Czech bonds were steady, supported by expectations of a rate cut as soon as next month after the economy slid deeper in recession in the first quarter. Hungarian bond yields retreated by about 5 basis points from early levels along the curve with Budapest stocks bouncing back to lead regional market gains with 1.4 percent. Warsaw and Prague were 0.7 and 0.1 percent up respectively while Romania's fell 1.1 percent.

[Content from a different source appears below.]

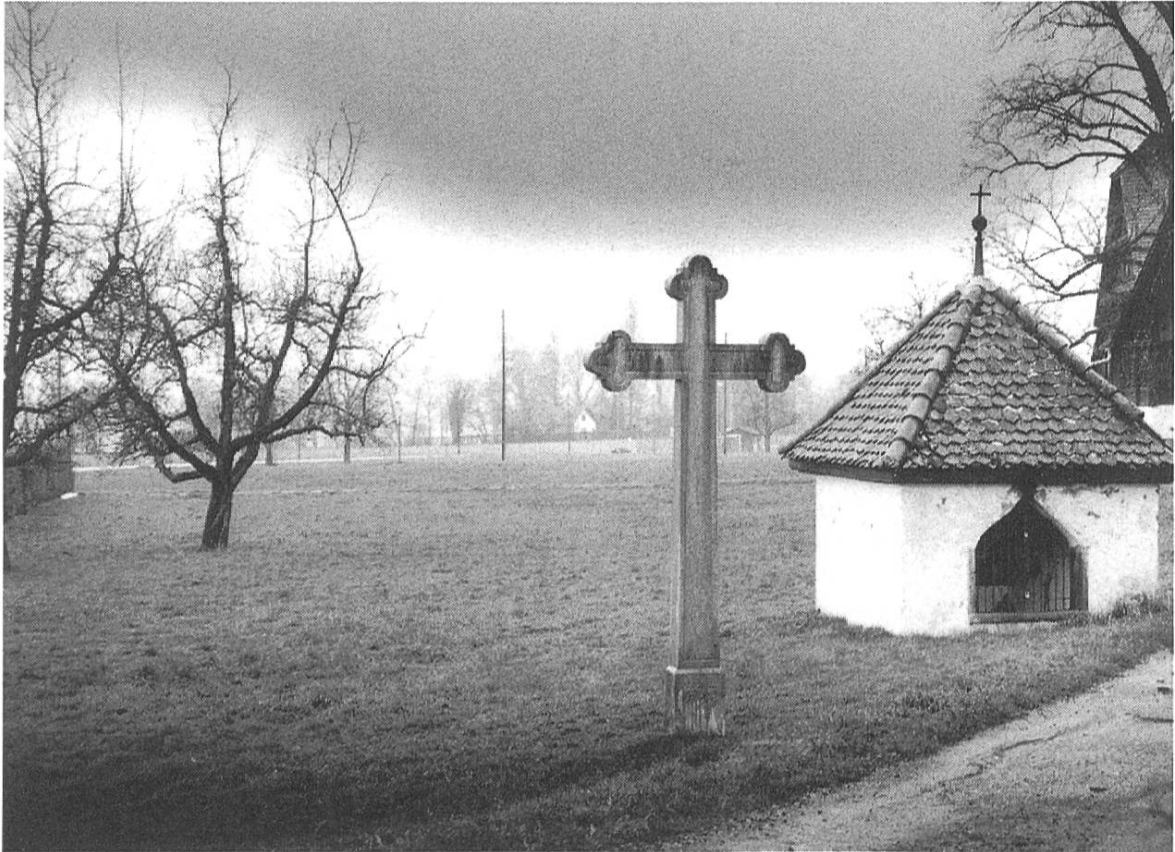
«Sträggelechäppeli» bei Sempach.

streckt, liefert es nicht der Nachthexe, sondern dem Tod aus. Das gleiche Motiv liegt auch dem bekannten Märchen Hänsel und Gretel zugrunde. Dort lauert die Hexe den verirrtten Kindern auf, die in der unbekanntem Wildnis absichtlich ihrem Schicksal, dem Tod, preisgegeben werden. Im übertragenen Sinn unternehmen die Seelen der Kinder eine Reise in eine Zwischenwelt. Sie entringen dem Tod (der Hexe) und kehren wieder ins Leben zurück.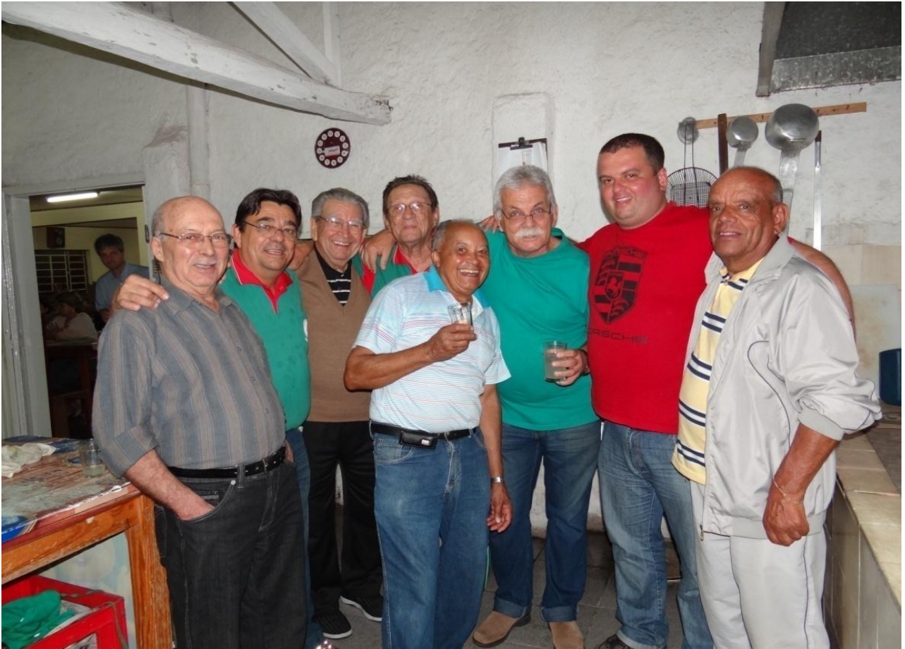
A TURMA DA COZINHA.....

Hungary's forint was off morning lows, and traded flat on the day, close to the 300 per euro level which it has tested several times since January but failed to break. It briefly hit 299.7 per euro earlier in the session. Elsewhere, the Polish zloty rose 0.5 percent to 4.333. It has found some relief from expectations the central bank could intervene. Romania's leu was flat on the day at 4.44 per euro, close to an all time low hit earlier this week. In Serbia, the dinar continued to slide a day after the central bank sold 50 million euros to stem declines, with investors cautious before a presidential runoff on May 20.